Après un examen de visu, Françoise Joulie[5] confirme la pleine paternité de notre tableau à François Boucher. Alastair Laing[6], qui a reçu des photos du tableau après nettoyage, considère également notre tableau comme une œuvre authentique et autographe de l’artiste. Il a remarqué le repentir sur le front du jeune garçon et a particulièrement apprécié la belle touche spontanée dans le rendu des grains de blé et des branches fleuries. Il relève par ailleurs que notre tableau diffère des écrans de cheminée par son format et sa composition. Une copie en a dû être exécutée pour servir de modèle aux tapisseries. Évoquant l’achat de l’un des écrans de cheminée en 1768[7], il propose par conséquent de dater notre tableau antérieurement à 1766-1767.

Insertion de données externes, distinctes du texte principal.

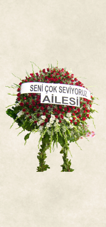 Özenle seçilmiş kırmızı çiçekler , dekoratif ve zarif süslemelerle çelenk için hazırlanır. Özel günler, kutlamalar ve anlamlı anlar için etkileyici ve özgün bir tercih sunar.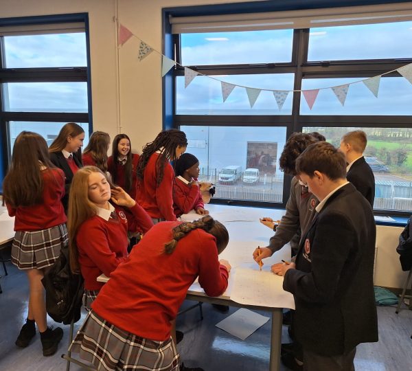 Taking on the cartoon challenge at the workshop at Coláiste Baile Chláir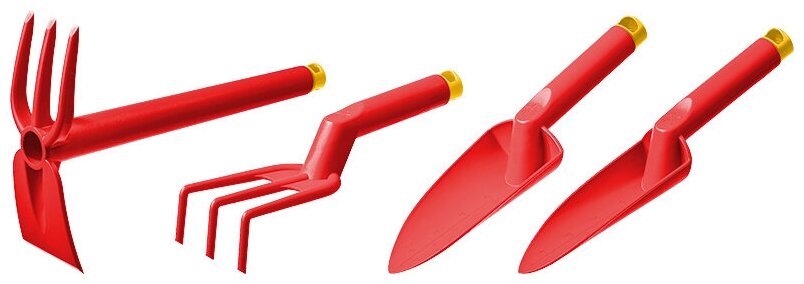 | Комплектация | широкий посадочный совок; узкий посадочный совок; рыхлитель; мотыга-рыхлитель |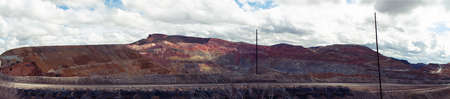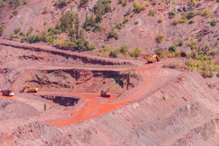 open cast mine extracting iron ore with heavy trucks, excavators, diggers and locomotives

[1] Edith A. Standen, « Country Children: Some ‘Enfants de Boucher’ in Gobelins Tapestry », Metropolitan Museum Journal 29, 1994, p. 112.

[2] Dans son cycle des quatre saisons peint en 1744-1745, Boucher représente l’Hiver par des putti qui se chauffent devant un bûcher. A. Ananoff, D. Wildenstein, L’opera completa di Boucher, Milan, 1980, no. 288, L’Hiver, 1745, huile sur toile, H. 0,90 m ; L. 1,16 m, localisation actuelle inconnue.

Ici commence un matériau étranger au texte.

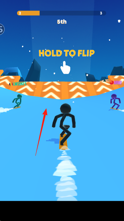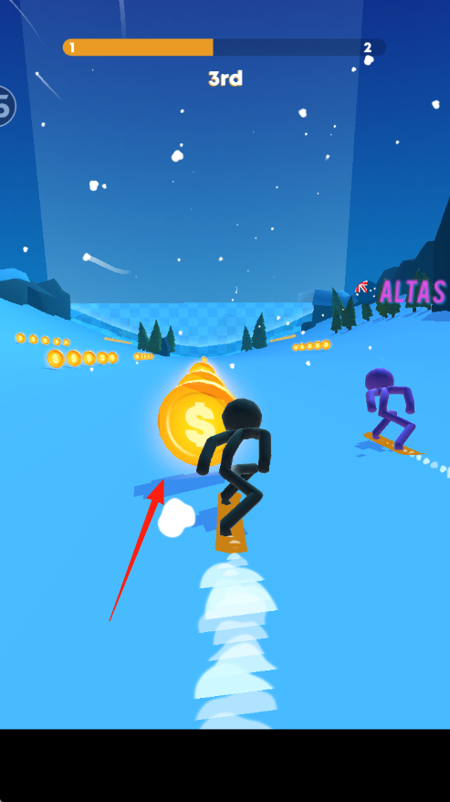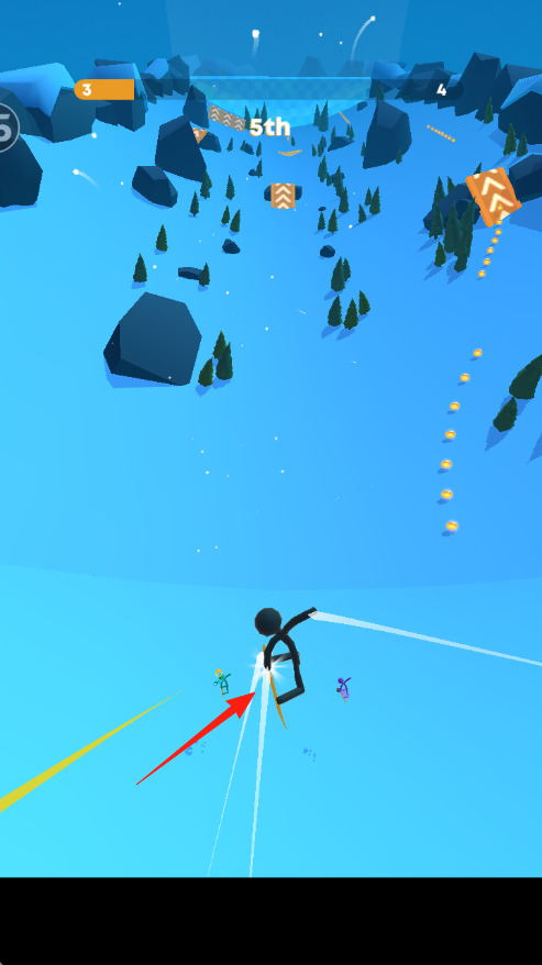1、游戏开始后,操控火柴人在雪地上滑行,按红箭头方向收集金币,提升分数,同时留意上方排名显示,如3rd,5th。

[3] Dessin au crayon et au lavis, Victoria and Albert Museum, Londres (inv. no. 4908), A. Ananoff et D. Wildenstein, 1976, n°373/1, fig. 1093. Dessin gravé à l’eau-forte par Jean-Baptiste Le Prince sous le titre La chasse, A. Ananoff et D. Wildenstein, 1976, n°373/2, fig. 1092 et Pierrette Jean-Richard, L’œuvre gravé de François Boucher dans la collection Edmond de Rothschild, Paris, 1978, n°1384. Ce dessin est à mettre en lien avec le plateau d’un service en porcelaine fabriqué à Vincennes, conservé au Louvre, Tamara Préaud et Antoine d’Albis, Porcelaine de Vincennes, Paris, 1991, no. 186, voir Edith A. Standen, « Country Children: Some ‘Enfants de Boucher’ in Gobelins Tapestry », Metropolitan Museum Journal 29, 1994, p. 130 note 41.

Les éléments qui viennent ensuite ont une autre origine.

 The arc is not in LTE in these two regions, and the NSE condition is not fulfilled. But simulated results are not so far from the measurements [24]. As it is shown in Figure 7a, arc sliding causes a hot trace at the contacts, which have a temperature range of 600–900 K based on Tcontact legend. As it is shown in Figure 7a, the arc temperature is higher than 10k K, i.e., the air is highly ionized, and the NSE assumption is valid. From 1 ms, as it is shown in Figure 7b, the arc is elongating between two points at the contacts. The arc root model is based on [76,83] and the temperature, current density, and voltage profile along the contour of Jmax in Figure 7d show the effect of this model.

[4] Écrans de cheminées Les Enfants se réchauffant tissés par la manufacture des Gobelins ; trois sont localisés à Munich (Residenz), à Michelham et à l’abbaye de Welbeck ; un 4e exemple fabriqué pour Madame de Pompadour, passé par la collection de la famille Gregory, acheté par les Duveen Brothers, en 1903 collection de Georges Cooper, localisation actuelle inconnue ; un 5e écran de cheminée a été acheté par le 6e comte de Coventry du fils de Jacques Neilson pour Croome Court en 1768, voir Edith A. Standen, « Country Children: Some ‘Enfants de Boucher’ in Gobelins Tapestry », Metropolitan Museum Journal 29, 1994, p. 130 note 43.

[5] Expertise de Françoise Joulie a eu lieu à Paris, le 26 octobre 2021. Françoise Joulie et Alastair Laing font aujourd’hui autorité pour tout ce qui concerne les tableaux et les dessins de Boucher.

[6] Communication écrite du 2 octobre 2021.

[7] L’un des écrans de cheminée Les Enfants se réchauffant a été acheté en 1768 par le 6e comte de Coventry du fils de Jacques Neilson pour Croome Court. Geoffrey Beard, « Decorators and Furniture Makers at Croome Court », Furniture History, no. 29 (1993), p. 96 ; Edith A. Standen, « Country Children: Some ‘Enfants de Boucher’ in Gobelins Tapestry », Metropolitan Museum Journal 29, 1994, p. 130, note 43.